## What you should do
From the listing that follows, reproduce only the lines from the one holding "圖為印度民眾在雨中靜聽(tīng)印度總理辛格的講話。" through the one holding "Shimano Trevala S", both included, with no pictures.

## Available data
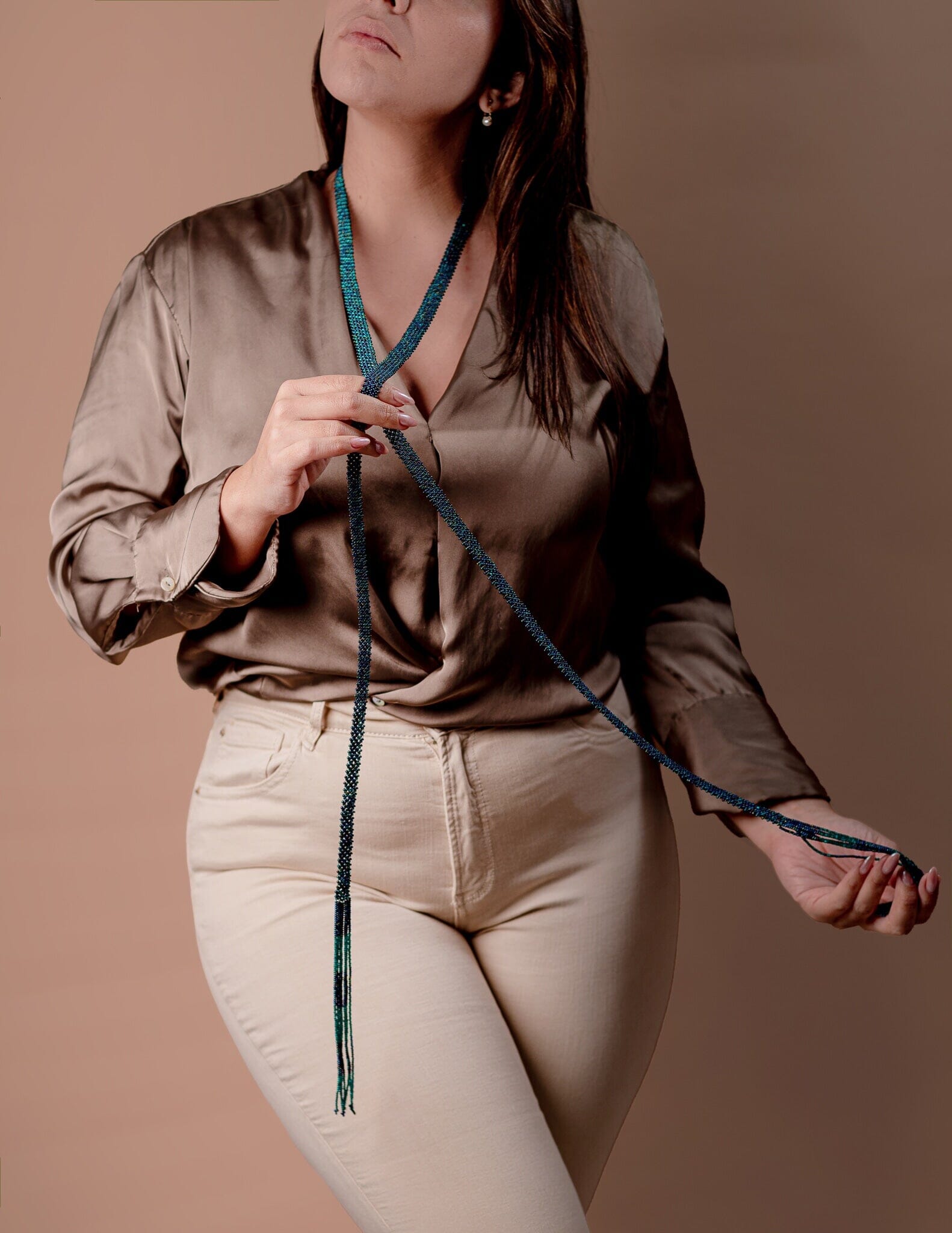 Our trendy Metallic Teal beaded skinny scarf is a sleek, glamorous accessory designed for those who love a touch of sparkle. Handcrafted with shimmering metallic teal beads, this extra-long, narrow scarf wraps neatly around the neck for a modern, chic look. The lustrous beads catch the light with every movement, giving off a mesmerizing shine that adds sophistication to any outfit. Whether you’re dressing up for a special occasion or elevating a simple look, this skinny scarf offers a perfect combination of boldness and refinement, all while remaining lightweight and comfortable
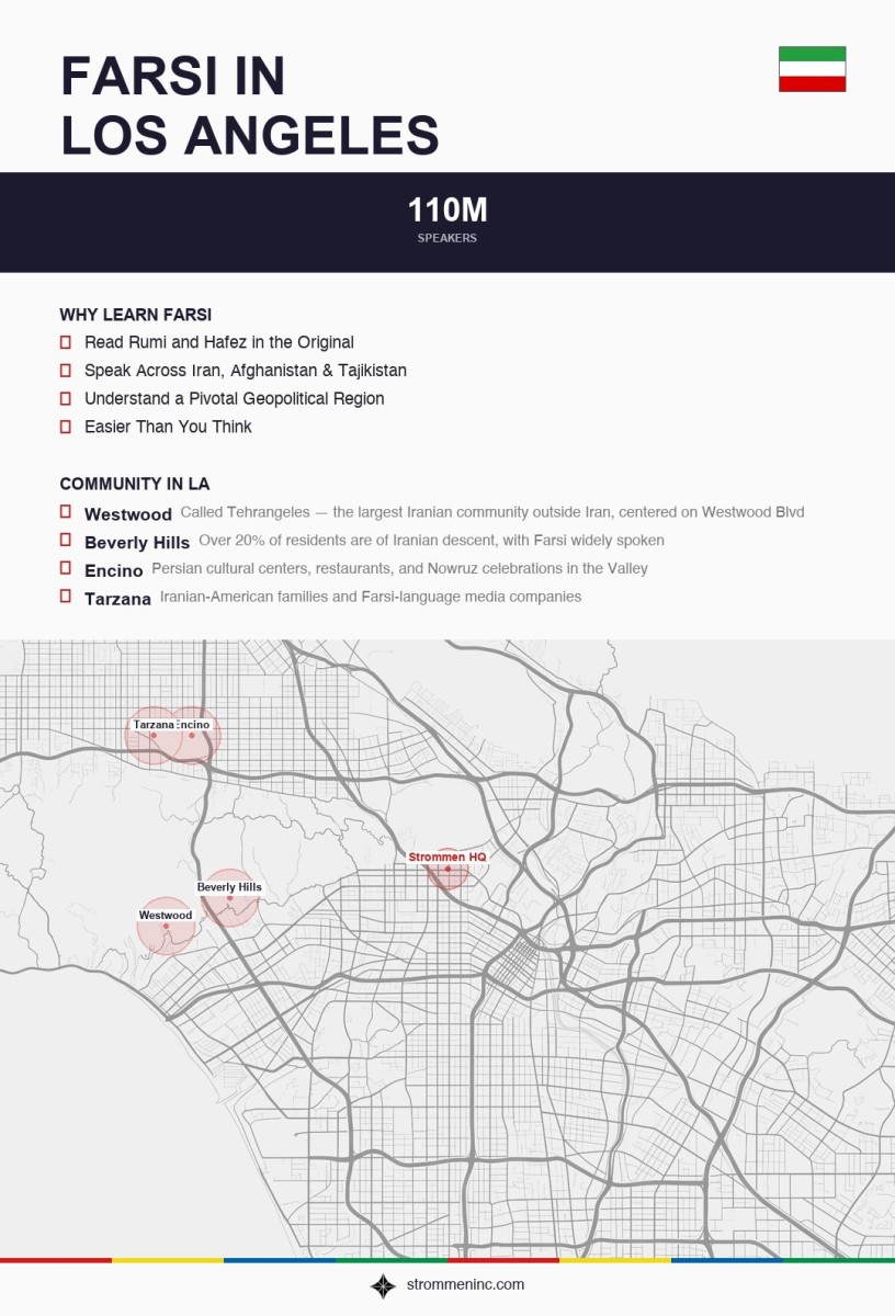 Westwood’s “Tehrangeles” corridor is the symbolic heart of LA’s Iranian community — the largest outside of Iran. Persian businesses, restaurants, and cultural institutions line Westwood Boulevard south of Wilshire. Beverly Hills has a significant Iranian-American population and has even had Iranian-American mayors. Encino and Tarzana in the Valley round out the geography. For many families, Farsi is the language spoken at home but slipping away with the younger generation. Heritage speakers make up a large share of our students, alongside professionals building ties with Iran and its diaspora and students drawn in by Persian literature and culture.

...

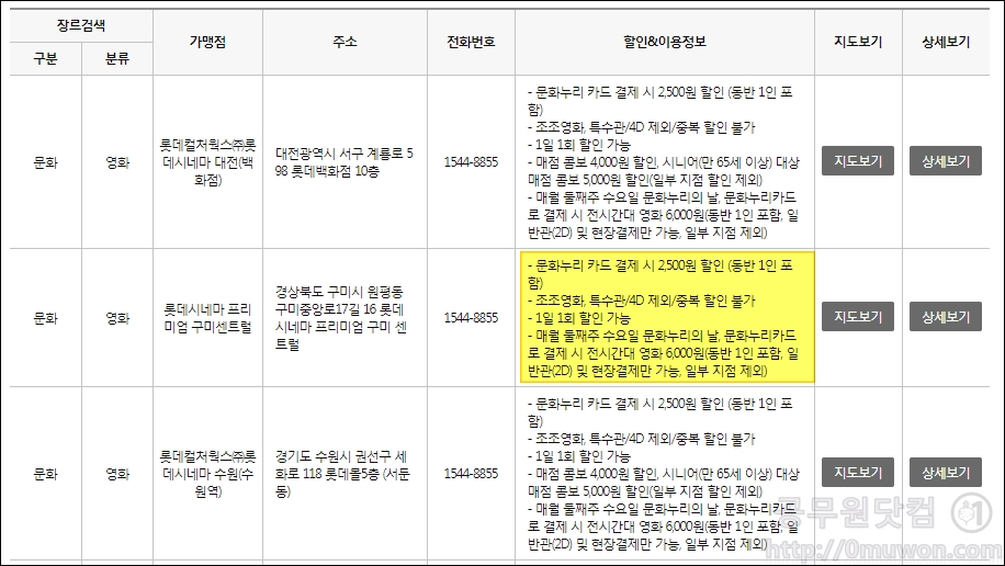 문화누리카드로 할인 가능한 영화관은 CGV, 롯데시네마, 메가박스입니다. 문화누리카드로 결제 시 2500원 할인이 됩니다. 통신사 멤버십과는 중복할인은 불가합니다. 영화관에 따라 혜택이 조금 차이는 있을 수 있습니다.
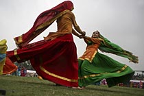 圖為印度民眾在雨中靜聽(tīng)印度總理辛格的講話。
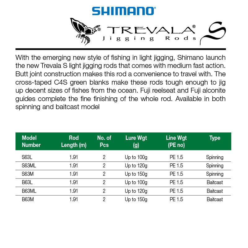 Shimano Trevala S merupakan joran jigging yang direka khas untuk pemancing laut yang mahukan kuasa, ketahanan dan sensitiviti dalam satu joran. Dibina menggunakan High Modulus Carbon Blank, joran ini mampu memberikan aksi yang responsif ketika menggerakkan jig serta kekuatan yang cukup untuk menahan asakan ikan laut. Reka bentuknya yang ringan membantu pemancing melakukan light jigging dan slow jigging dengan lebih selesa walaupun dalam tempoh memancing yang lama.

==

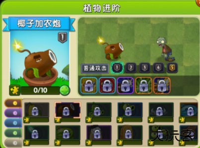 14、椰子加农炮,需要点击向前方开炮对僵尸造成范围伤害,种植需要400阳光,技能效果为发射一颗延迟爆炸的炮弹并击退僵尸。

## Exercise answer
 圖為印度民眾在雨中靜聽(tīng)印度總理辛格的講話。
 Shimano Trevala S merupakan joran jigging yang direka khas untuk pemancing laut yang mahukan kuasa, ketahanan dan sensitiviti dalam satu joran. Dibina menggunakan High Modulus Carbon Blank, joran ini mampu memberikan aksi yang responsif ketika menggerakkan jig serta kekuatan yang cukup untuk menahan asakan ikan laut. Reka bentuknya yang ringan membantu pemancing melakukan light jigging dan slow jigging dengan lebih selesa walaupun dalam tempoh memancing yang lama.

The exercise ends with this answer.